2020 - Reed Smith opens in Brussels, our 30th office and fifth in continental Europe.
2019 – Reed Smith opens an office in Dallas, expanding our Texas footprint.
2018 – Reed Smith opens an office in Austin, adding depth of experience to our leading life sciences and health care practice.
2017 – Reed Smith opens in Miami, strengthening our connections to Latin America.
2016 – Reed Smith launches a Formal Law Alliance (FLA) with Singapore law practice Resource Law LLC.
2015 – Reed Smith opens in Frankfurt, Germany’s financial center, to meet growing client demand in the German market.
2013 – Reed Smith opens an office in Houston, "the energy capital of the world."
2012 – Reed Smith’s international reach expands with the opening of an office in Nur-Sultan, Kazakhstan.
2012 – Reed Smith opens a Singapore office, the firm's fourth in Asia.
2011 – Reed Smith opens a new office in Shanghai, further extending its service capabilities in China.
2009 – Reed Smith’s Global Customer Centre opens, offering 24/7/365 Business Center and IT support to the entire firm.
2008 – Reed Smith opens in Beijing and Silicon Valley.
2008 – Reed Smith merges with the Hong Kong operations of Richards Butler, establishing a leading presence for the firm in Asia.
2007 – Reed Smith gains a significant presence in Chicago, one of the world’s largest legal markets, by combining with the 130-lawyer firm Sachnoff & Weaver.
2007 – Reed Smith merges with Richards Butler, adding more than 250 lawyers total in London, Paris, Abu Dhabi, Dubai, and Greece (Piraeus).
2005 – Expanding further into Continental Europe, Reed Smith opens in Munich.
2005 – Reed Smith opens an office in Paris.
2003 – Reed Smith combines with the 215-lawyer, multi-office California law firm of Crosby, Heafey, Roach & May, a move that catapults the firm to a rank among the 20 largest law firms.
2002 – As it celebrates its 125th year, Reed Smith is a Global Top 50 law firm.
2001 – Reed Smith joins forces with the United Kingdom law firm of Warner Cranston, establishing the firm’s international presence.
2000 – Reed Smith opens its Wilmington, Delaware, office to better serve financial institution and corporate clients before Delaware courts.
1999 – Reed Smith combines with the Hazel & Thomas firm, known for its leading real estate practice, in Virginia.
1995 – Reed Smith opens an office – which ultimately grows to become one of the firm’s largest – in New York City.
1992 – Reed Smith opens a "greenfield" office in Princeton, New Jersey, and becomes one of the fastest-growing law firms in the Garden State.
1989 – A merger with Pierson, Ball & Dowd in Washington, D.C., provides Reed Smith with a leading, national health care law practice.
1970s – Reed Smith launches a series of expansionary moves, propelling its growth beyond Pittsburgh into the broader mid-Atlantic region.

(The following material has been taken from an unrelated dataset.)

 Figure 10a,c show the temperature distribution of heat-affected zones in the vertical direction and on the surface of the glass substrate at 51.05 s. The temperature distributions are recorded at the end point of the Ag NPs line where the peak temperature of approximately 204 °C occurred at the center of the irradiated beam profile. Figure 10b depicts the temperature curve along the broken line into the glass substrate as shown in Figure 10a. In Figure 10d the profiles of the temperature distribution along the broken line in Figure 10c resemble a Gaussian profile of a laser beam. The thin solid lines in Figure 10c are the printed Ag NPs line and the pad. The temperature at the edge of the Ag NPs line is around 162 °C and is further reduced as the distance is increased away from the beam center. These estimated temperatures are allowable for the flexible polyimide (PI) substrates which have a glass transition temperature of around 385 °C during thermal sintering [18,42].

The firm combines with Philadelphia’s Townsend, Elliott & Munson in 1978.
1940s – The firm’s labor practice earns a national reputation following a rash of strikes after World War II.

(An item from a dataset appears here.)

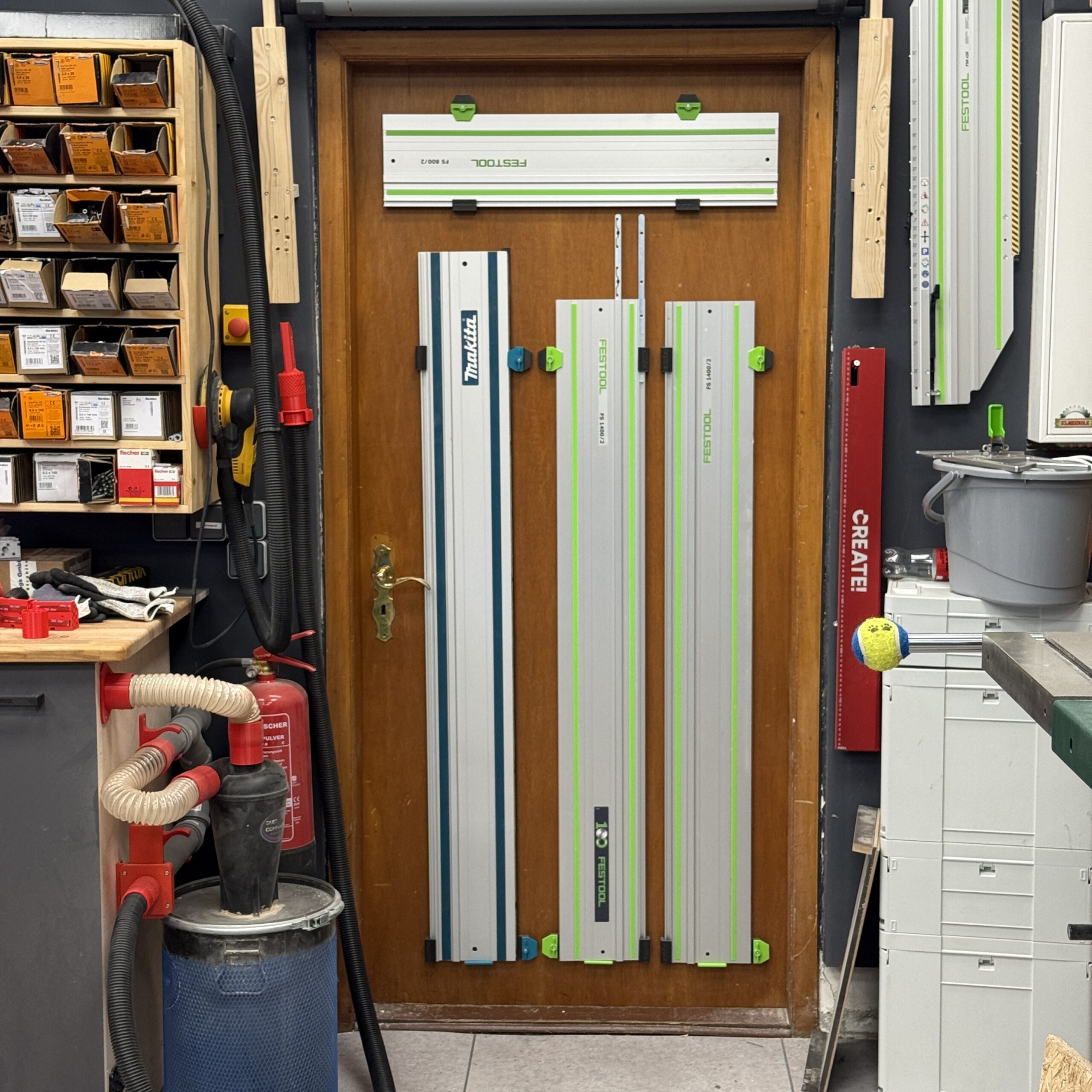 Die Führungsschienenhalter von Kleinholz sind die ideale Lösung, um deine Schienen übersichtlich, sicher und griffbereit in der Werkstatt zu lagern.

1930s – The Great Depression and the New Deal create new and varied legal work, and launch Reed Smith’s recognized capability in modern securities practice.
1922 – The partnership renames itself Reed Smith Shaw & McClay, a name that stands until shortened in 2000.
1913 – The firm assists Andrew and Richard Mellon in establishing the Mellon Institute of Industrial Research, which much later would merge with Carnegie Institute of Technology (founded with Reed’s assistance) to create Carnegie Mellon University, a longtime client of the law firm.
1901 – Philander C. Knox accepts the post of Attorney General of the United States and later serves as U.S. Senator and Secretary of State.
1901 – James H. Reed represents Andrew Carnegie in the creation of United States Steel, the world’s first billion-dollar corporation, and becomes a charter director of the corporation.
1881 – Edwin W. Smith, George E. Shaw and Samuel McClay join the firm.
1877 – Philander C. Knox and James H. Reed establish the law firm of Knox & Reed. The partners soon represent the businesses of leading industrialists – Carnegie, Frick, Mellon, Heinz, Westinghouse and more – who are transforming the United States.